**Work item:** The answer must be an exact copy of the records below, with every picture left out.

Extracted data entries
--------------------------------------------------
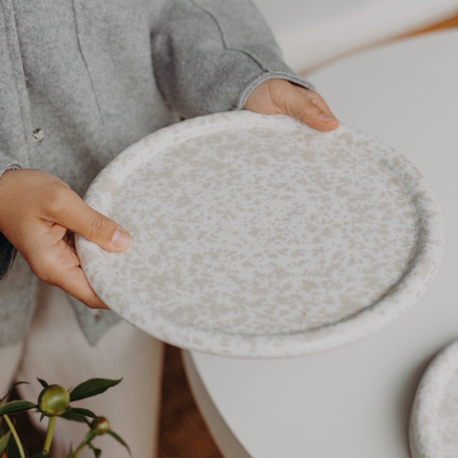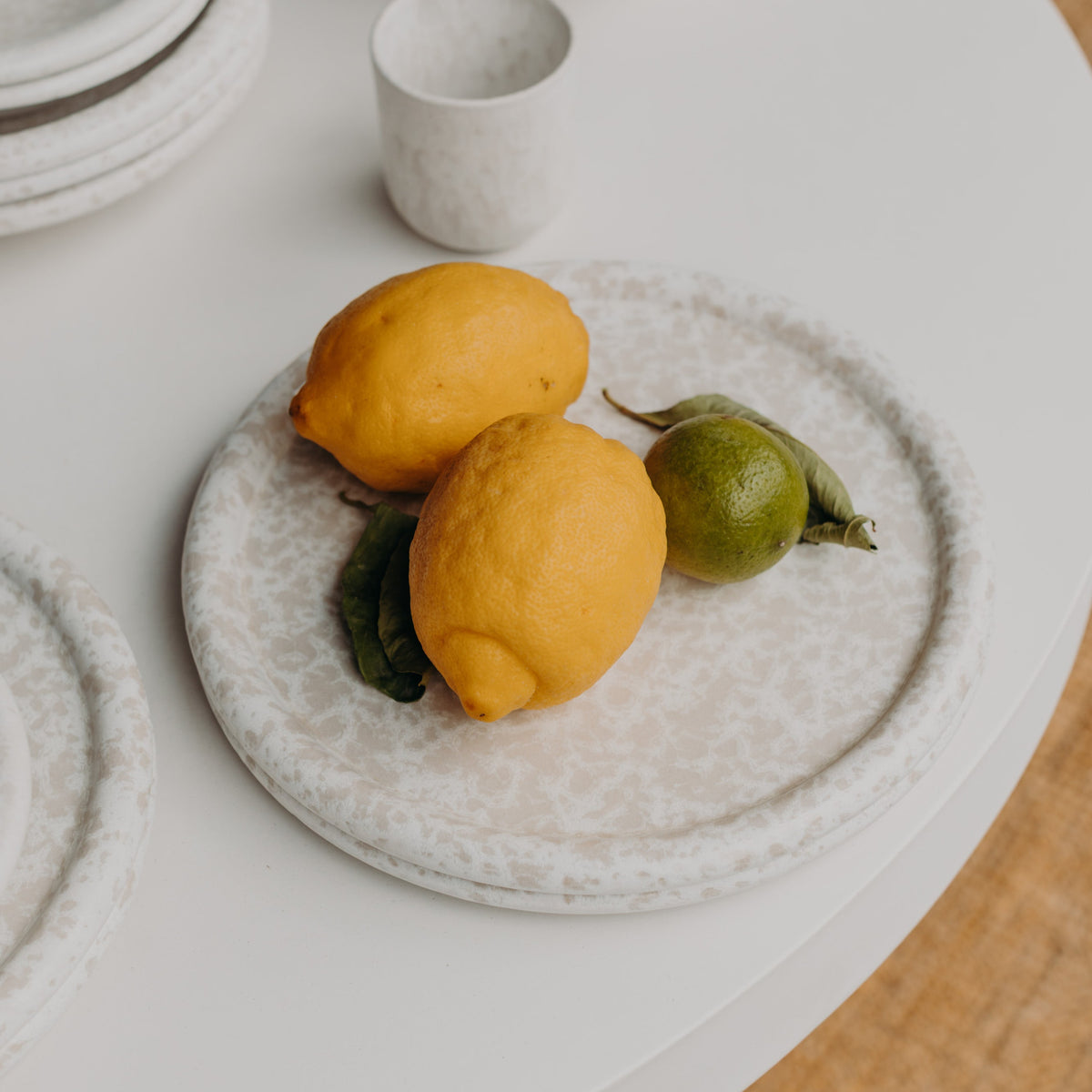 Hergestellt in einem kleinen Familienbetrieb in Portugal, besteht jeder Teller aus europäischem Steinzeug und wird bei 1200 °C gebrannt. Die matte Oberfläche mit sanften Farbverläufen macht jedes Stück zu einem Unikat.
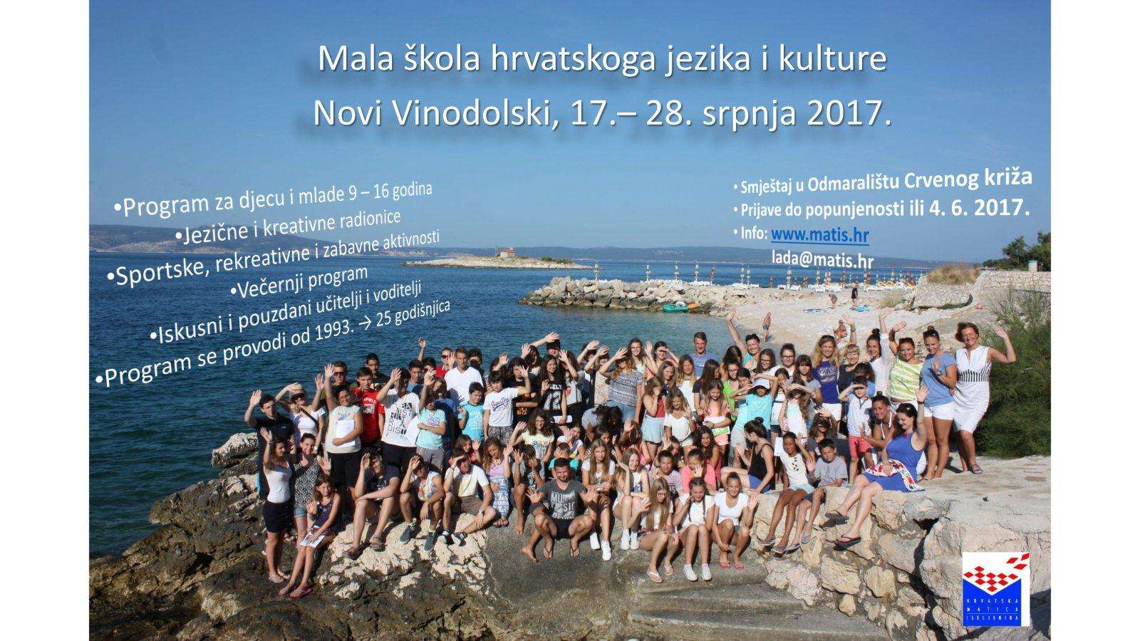 Hrvatska matica iseljenika po jubilarni – dvadeset i peti put – organizira Malu školu hrvatskoga jezika i kulture u Novome Vinodolskom, primorskom ljetovalištu bogate kulturne prošlosti. Temeljni je cilj ovoga ljetovanja da djeca, uzrasta 9-16 godina, koja žive izvan Hrvatske, u zajedništvu s djecom iz različitih mjesta u Hrvatskoj, unaprijede svoje znanje hrvatskog jezika te upoznaju kulturnu i prirodnu baštinu kraja u kojemu borave.
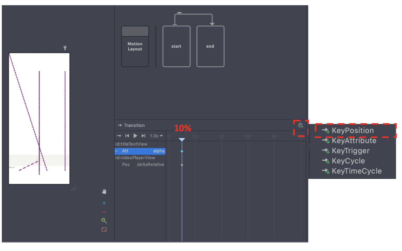 # 모션레이아웃에 Key Position속성 주기
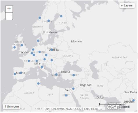 In addition, this integration utilizes the capabilities of Esri by leveraging the ArcGIS JavaScript API and content. Specifically, you can integrate data into maps with published content in ArcGIS Online platform. For more information, see http://www.esri.com/software/arcgis/arcgisonline. Additionally, by using this integration, you can include information about demographics, spending habits, crime, and lifestyle to maps that contain your data. These maps include layers with extensive demographic or reference detail and topography and allow you to view information about people, businesses, climate, and much more.
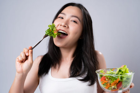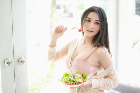 Portrait sexy asian woman wear lingerie or underwear with salad holding in hand, healthy diet concept
--------------------------------------------------
**Written answer:**
 Hergestellt in einem kleinen Familienbetrieb in Portugal, besteht jeder Teller aus europäischem Steinzeug und wird bei 1200 °C gebrannt. Die matte Oberfläche mit sanften Farbverläufen macht jedes Stück zu einem Unikat.
 Hrvatska matica iseljenika po jubilarni – dvadeset i peti put – organizira Malu školu hrvatskoga jezika i kulture u Novome Vinodolskom, primorskom ljetovalištu bogate kulturne prošlosti. Temeljni je cilj ovoga ljetovanja da djeca, uzrasta 9-16 godina, koja žive izvan Hrvatske, u zajedništvu s djecom iz različitih mjesta u Hrvatskoj, unaprijede svoje znanje hrvatskog jezika te upoznaju kulturnu i prirodnu baštinu kraja u kojemu borave.
 # 모션레이아웃에 Key Position속성 주기
 In addition, this integration utilizes the capabilities of Esri by leveraging the ArcGIS JavaScript API and content. Specifically, you can integrate data into maps with published content in ArcGIS Online platform. For more information, see http://www.esri.com/software/arcgis/arcgisonline. Additionally, by using this integration, you can include information about demographics, spending habits, crime, and lifestyle to maps that contain your data. These maps include layers with extensive demographic or reference detail and topography and allow you to view information about people, businesses, climate, and much more.
 Portrait sexy asian woman wear lingerie or underwear with salad holding in hand, healthy diet concept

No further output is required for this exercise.